Hear for the Holidays!

With the holidays quickly approaching, many of you will be attending gatherings with family and friends. If your family gatherings or office parties are anything like mine, there are plenty of fun games, music and conversation. Unfortunately, all that fun can make for a difficult listening environment, especially for individuals with hearing loss. If you have hearing loss, don’t let that affect your ability to enjoy this precious time with the people who mean the most to you. Here are communication strategies that can make the holidays fun and enjoyable for everyone.

It is often said that “when someone in the family has a hearing loss, the entire family has a hearing problem.” Remember, communication is a two-way street. Both the speaker and listener need to do their part in improving conversation.

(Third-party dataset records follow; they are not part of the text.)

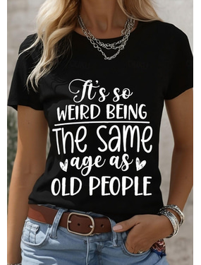 Damen T Shirt Druck Grafik Buchstabe Stilvoll Lässig Kurzarm Rundhalsausschnitt Normale Oberteile Täglich Wochenende Blau Rosa Purpur Grau Sommer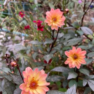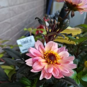 🌱プチダリア ハミングブロンズ 銅葉色の葉っぱが綺麗ですよ✨ やさしい色のお花もかわいい😊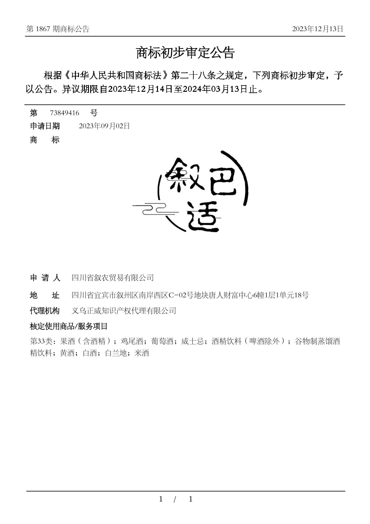 商标分类:33类 酒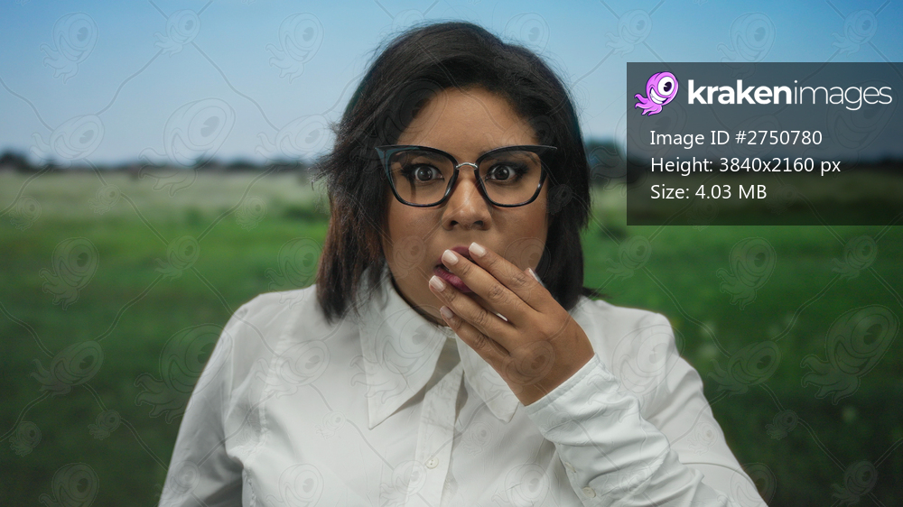 Woman in park with surprised expression, glasses, wearing white shirt, nature background, emotional reaction, young adult, outdoors, green grass, looking astonished. - Kraken Images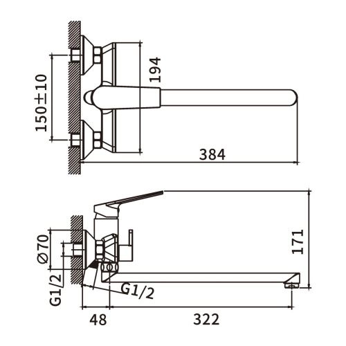 Межосевое расстояние (расстояние между выходом горячей и холодной трубы) 150 мм.

  • If you are the listener, be assertive. Don’t be afraid to tell people you are having difficulties understanding what they are saying. Assess each environment for noise sources and lighting and get yourself to a spot to maximize your chances for good hearing. If background noise is inevitable, face away from it. Focus on one speaker at a time. Listen with both your eyes and ears. Make sure you have a clear view of the communication partner’s face so you can take advantage of facial expressions and other contextual clues.
  • If you have hearing aids or other assistive technology, use it! If you are unhappy with your current technology, contact your hearing health care professional to discuss new technology or other devices that could be beneficial. Whatever you do, don’t bluff or just give up. Some communication difficulties are inevitable, but stay optimistic and be patient with others and yourself.
  • If you are the one doing the talking to a hearing-impaired person, get his or her attention first. Speak clearly and at a moderate pace. There is no need to shout; this can actually make understanding worse. If you are still misunderstood, try rephrasing your message instead of repeating. Give clues to others when you are changing the topic of conversation.
  • Also, avoid carrying on a conversation around excessive background noise. Move to a location where there is less background noise and good lighting so your communication partner also can see your facial expressions and gestures. I know food is almost a must at holiday parties; however, having food in your mouth or holding your drink near your face while communicating also can have negative impacts on effective conversation. In general, just be patient, positive and empathetic.

Whether you have hearing loss or not, these communication strategies can be very helpful. Don’t hesitate to try some of these tips at your next holiday party.